WHAT YOU SHOULD DO:
Retype the records below exactly as given, but only from the first line through the line with "LUOM Bluetooth Wireless", and without the pictures.

[Stored dataset items]
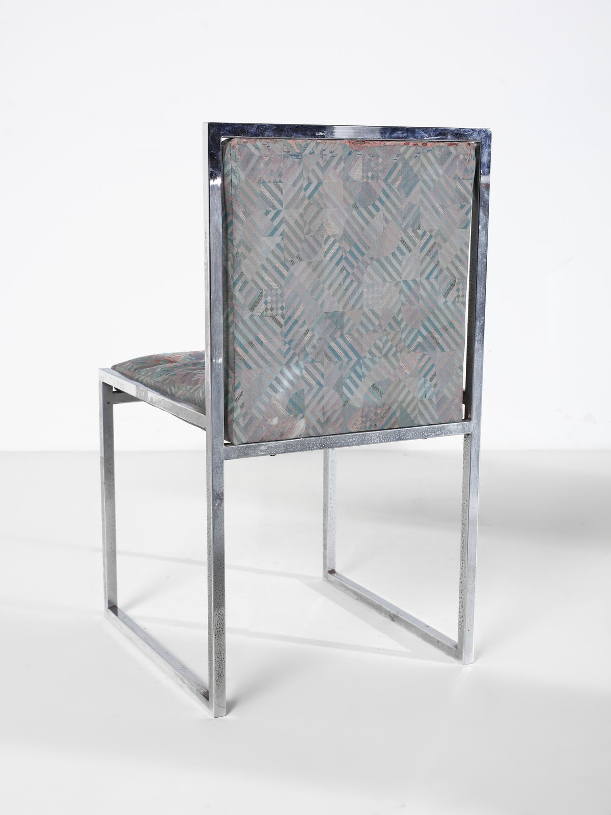 REGA ROMEO (1925 - 1984) Quattro sedie . Acciaio cromato e tessuto imbottito.. Cm 84,50x46x49. Anni Settanta.
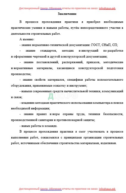 Заключение отчета по практике по строительству
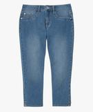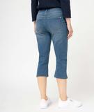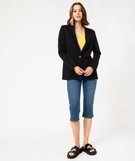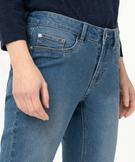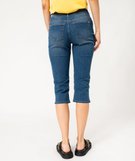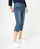 Le jean trouve sa place dans le vestiaire estival dans sa version pantacourt. Un pantacourt femme confectionné dans une matière fine et extensible qui accompagne les mouvements tout en restant confortable. Inspiré du jean traditionnel, il possède une poche ticket, deux fausses poches sur l’avant et deux poches plaquées au dos. Ce jean court se distingue par ses petites fentes en bas des jambes.
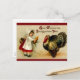 Saludo del día de la acción de gracias del comienzo del siglo XX del vintage. Maíz de ofrecimiento de la niña linda a un pavo.
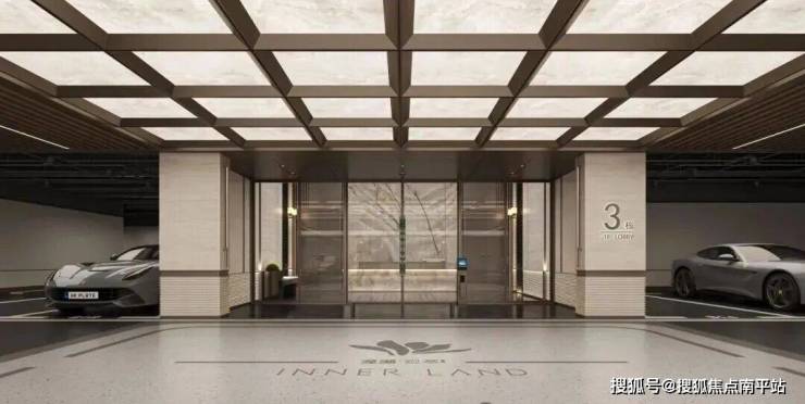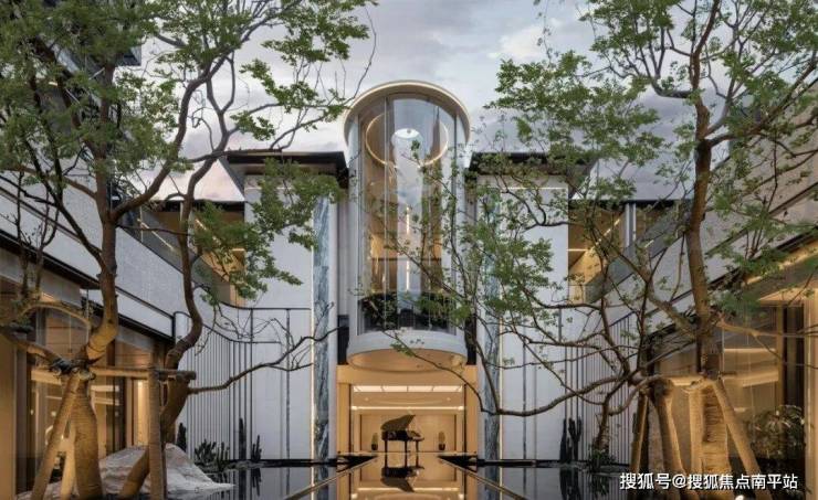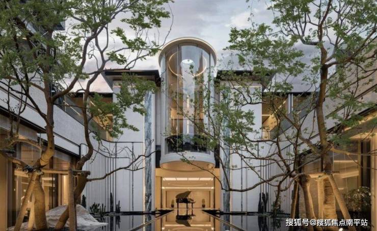 主入口以69米超尺度城市界面展开,融合7米高柱式挑檐,复刻奢华酒店落客环岛设计,营造仪式感的归家序章。归家路特选10米高丛生铁冬青“树王”作为迎归象征,结合三重奢石景墙与静谧镜面水景,构筑出充满领域感的城市界面。树木与水景相互映衬,天光与倒影交织成震撼视觉,在神性与光影的渗透中,形成引人入胜的精神场域,强化了归途中的仪式感与体验深度。围绕下沉庭院配备台球室、健身房、棋牌室、高尔夫、练歌房、私宴厅等功能,形成一体化的配套共享空间。
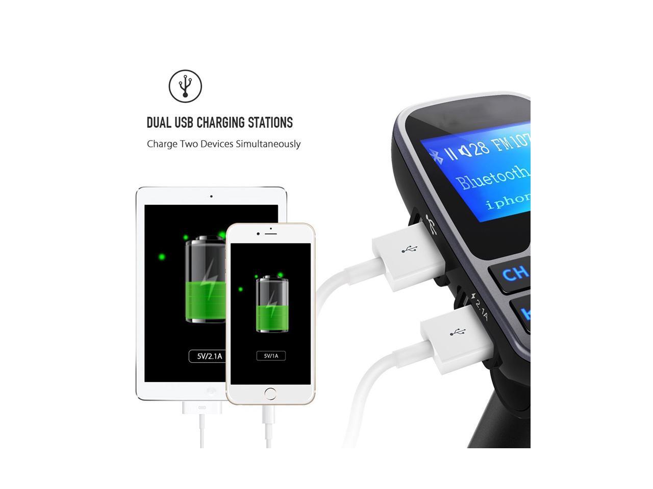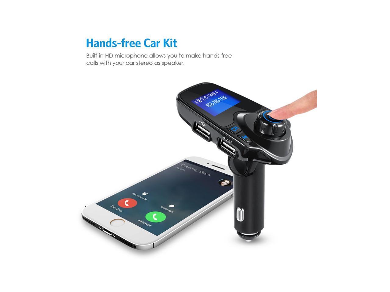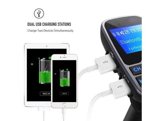 LUOM Bluetooth Wireless Car Mp3 Player Handsfree Car Kit FM Transmitter A2DP 5V 2.1A USB Charger 1.44 LCD Display Car FM Modulator
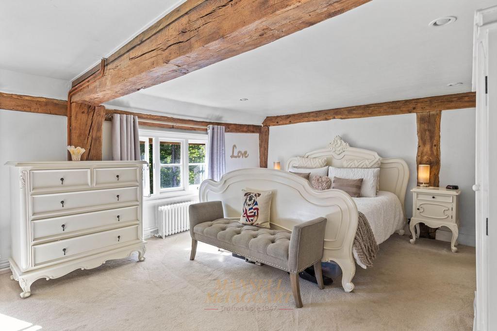 One of the two staircases is located at this end of the house and leads to a small landing with a window ahead, a bathroom to the right, and a master bedroom with a walk-in dressing area to the left. Further along, there are two further double bedrooms, 2 and 5, and the family bathroom. The first floor has characterful low ceilings, beams and exposed timbers. The master bedroom is a generously proportioned room. Currently, it features a super king-size bed with ample space for additional furniture, along with a double built-in wardrobe and a walk-in dressing area. The bathroom has the wow factor, thanks to its size and contemporary styling. There is a white suite comprising a large, free-standing oval bath with a shower attachment in the centre of the room, a WC, and a large rectangular wash hand basin with two deep, floating drawers. There are whole-height wall tiles in mid-grey, and the far wall conceals a large shower area beyond. There is a chrome ladder-style radiator, two walls with feature tiling, and a shower with a square rose and a panel of controls.
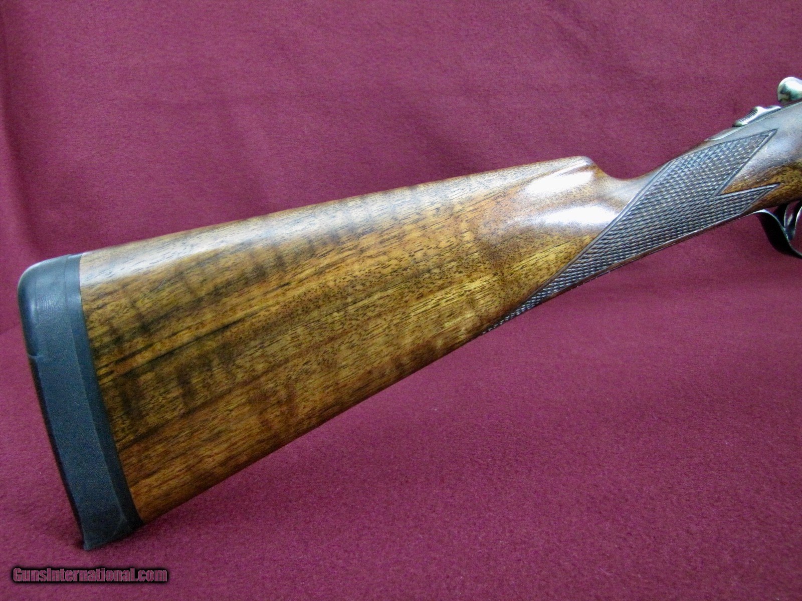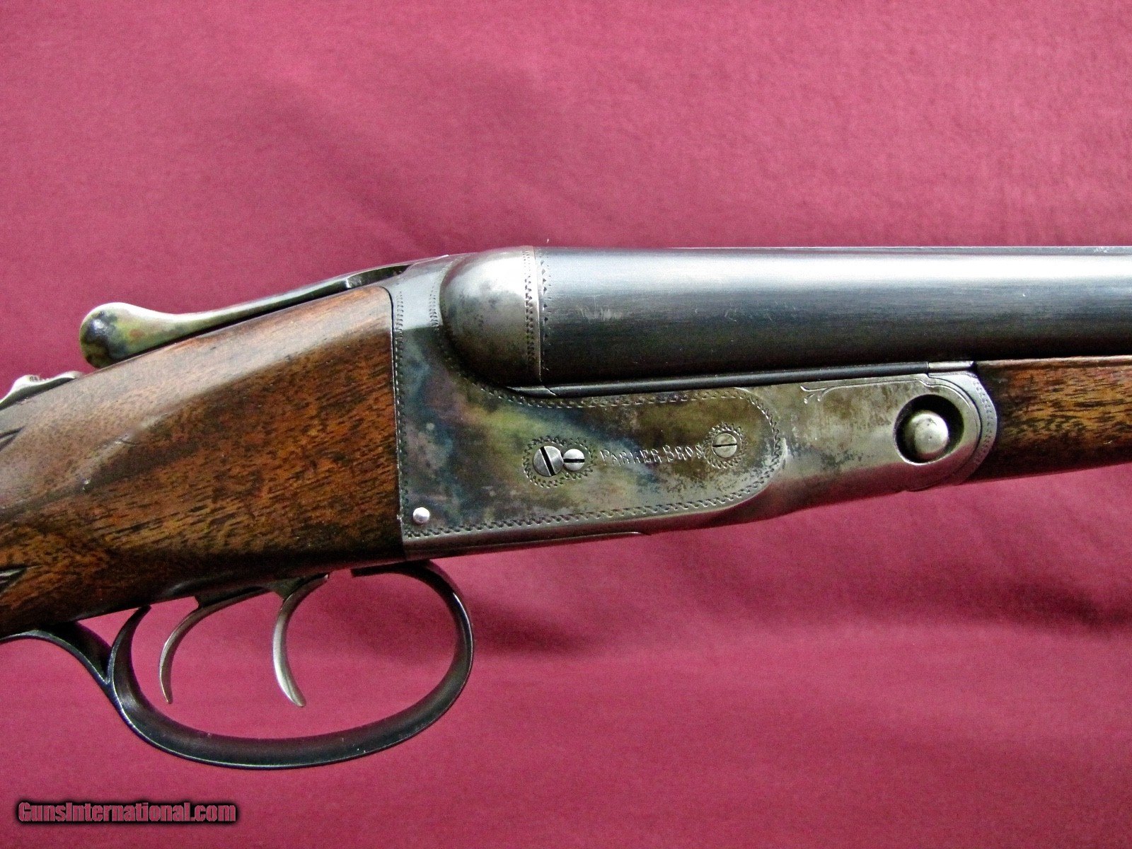 Description: I have for sale a nice Parker built in 1908. This gun is a "O" frame 16 gauge with 28 inch barrels. The gun was originally a capped pistol grip gun but was sent to Brad Bachelder before his passing and converted to a straight, English grip gun. At that time the gun was completely gone over by Brad and anything that needed to be done was done. Gun has all matching numbers, correct long trigger guard, and nice case coloring. Top lever is dead center and gun is very tight on face with or without the forend attached. Stock dimensions are 1 1/2 X 2 3/4 X 14 3/16 over a black one inch pad. Cast of stock is neutral. Bores in both barrels measure .668 with .003 constriction in right barrel (skeet) and .005 in the left (loose IC). Chambers are 2 3/4 inches. Weight of the gun is 6 pounds 1 ounce. Serial number is 149000 and it is listed in the Serialization book as 28 inch barrels with capped pistol grip. Condition of the gun is very nice with good barrel bluing and good case coloring. Screws are very nice, wood is also solid and nicely done. If you would like to bird hunt with a vintage gun this may be just the ticket for you. Price of the gun is $3000 plus $50 shipping to your FFL. As always there is a three day non-firing inspection period with the buyer paying shipping charges if returned. Contact me at with any questions. SOLD Shotgun Gauge: 16 Gauge Manufacturer: Parker Model: VHE 0 Frame Barrel Length: 28 Chambers: 2 3/4 Ejectors: Selective Well Timed Condition: Very Good Triggers: Double Stock: Straight English Stock Comb: 1 1/2 Stock Heel: 2 3/4 Stock Cast: Neutral - no castl Fore End: Splinter LOP: 14 3/16 Weight: 6 pounds 1 ounce Manufacture Date: 1908 Choke Left: .005 Improved Cylinder Choke Right: .003 Skeet |

ANSWER BOX:
 REGA ROMEO (1925 - 1984) Quattro sedie . Acciaio cromato e tessuto imbottito.. Cm 84,50x46x49. Anni Settanta.
 Заключение отчета по практике по строительству
 Le jean trouve sa place dans le vestiaire estival dans sa version pantacourt. Un pantacourt femme confectionné dans une matière fine et extensible qui accompagne les mouvements tout en restant confortable. Inspiré du jean traditionnel, il possède une poche ticket, deux fausses poches sur l’avant et deux poches plaquées au dos. Ce jean court se distingue par ses petites fentes en bas des jambes.
 Saludo del día de la acción de gracias del comienzo del siglo XX del vintage. Maíz de ofrecimiento de la niña linda a un pavo.
 主入口以69米超尺度城市界面展开,融合7米高柱式挑檐,复刻奢华酒店落客环岛设计,营造仪式感的归家序章。归家路特选10米高丛生铁冬青“树王”作为迎归象征,结合三重奢石景墙与静谧镜面水景,构筑出充满领域感的城市界面。树木与水景相互映衬,天光与倒影交织成震撼视觉,在神性与光影的渗透中,形成引人入胜的精神场域,强化了归途中的仪式感与体验深度。围绕下沉庭院配备台球室、健身房、棋牌室、高尔夫、练歌房、私宴厅等功能,形成一体化的配套共享空间。
 LUOM Bluetooth Wireless Car Mp3 Player Handsfree Car Kit FM Transmitter A2DP 5V 2.1A USB Charger 1.44 LCD Display Car FM Modulator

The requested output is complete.